Après avoir utilisé un test rapide, nombre de Québécois ont finalement passé les Fêtes loin de leur famille, mais s’estiment chanceux d’avoir évité de transmettre le virus à leurs proches. Si chaque éclosion prévenue est une bonne nouvelle, disent les experts, les autotests se font encore trop rares dans les pharmacies. Et très peu sont attendus avant la nouvelle année…

« On devait voir la famille immédiate le 24 décembre, dont deux couples de grands-parents, raconte Mélisande Gélinas-Fauteux. Je devais voir aussi mon père, et on n’a vu personne, finalement. » Le 21 décembre, sa fille de 8 ans a obtenu un résultat positif après avoir fait un test rapide. Le fait d’avoir eu une trousse d’autotests est « une chance », étant donné que la famille avait prévu d’aller voir une personne vulnérable ce jour-là, relate la musicienne du groupe Mélisande [électrotrad].

La semaine dernière, de nombreuses personnes ont fait la file devant les pharmacies afin de mettre la main sur l’une des trousses d’autotests avant les rassemblements des Fêtes. Au Québec, près de 10 millions de tests rapides ont été distribués jusqu’à maintenant. Mercredi dernier, le gouvernement fédéral a annoncé l’arrivée « de dizaines et dizaines de millions » de tests rapides dans les prochaines semaines.

Pour l’instant, en revanche, presque tous les tests rapides distribués en pharmacie ont été écoulés, indique Benoit Morin, président de l’Association québécoise des pharmaciens propriétaires.

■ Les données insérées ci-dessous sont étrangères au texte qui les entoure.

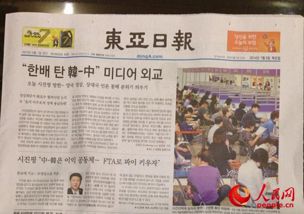 ??? 韓國《東亞日報》在頭版顯著位置刊發(fā)習近平主席署名文章《加快自貿區(qū)談判進程 做大利益蛋糕》金慧廷 攝

En ce qui concerne l’arrivée de nouvelles trousses, il dit ne rien avoir « sur son radar » pour l’instant.

Nous sommes en attente de développements au sujet des approvisionnements du mois de janvier, qui devraient être beaucoup plus importants.

Hugues Mousseau, directeur général de l’Association québécoise des distributeurs en pharmacie

Dans les prochains jours, autour de 60 000 trousses additionnelles devraient être distribuées dans quelques centaines de pharmacies, ajoute M. Mousseau. Certaines pharmacies n’avaient pas reçu la totalité des tests rapides la semaine dernière, explique Benoit Morin.

Or, si la vague due au variant Omicron perdure, davantage d’autotests seront nécessaires rapidement au Québec, fait valoir M. Morin. Les centres de dépistage n’arrivent pas à répondre à eux seuls à la demande.

Après le résultat positif de sa fille, Mélisande Gélinas-Fauteux a d’ailleurs tenté de trouver un rendez-vous dans une clinique de dépistage. Sans succès. La seule plage horaire disponible n’était que huit jours plus tard. Depuis la semaine dernière, elle est confinée avec ses deux enfants et son conjoint, qui ressentent tous des symptômes. « On n’est pas en pleine forme, alors ce n’est pas idéal pour animer la famille. On a écouté beaucoup de films de Noël », dit-elle en riant.

Laurence Andrée Lavigne a aussi renoncé aux rassemblements familiaux en raison de symptômes, malgré plusieurs tests rapides négatifs faits la semaine dernière. « On ne pouvait pas prendre le risque d’aller dans un party et de donner ça aux parents de mon conjoint, qui sont quand même âgés », dit-elle. Le 23 décembre, elle a finalement obtenu un test positif.

« Quand on a des symptômes, il faut être vigilant », soutient Mme Lavigne, enseignante au secondaire. Son conjoint, sa fille de 12 ans et son fils de 9 ans ont aussi été malades, raconte-t-elle.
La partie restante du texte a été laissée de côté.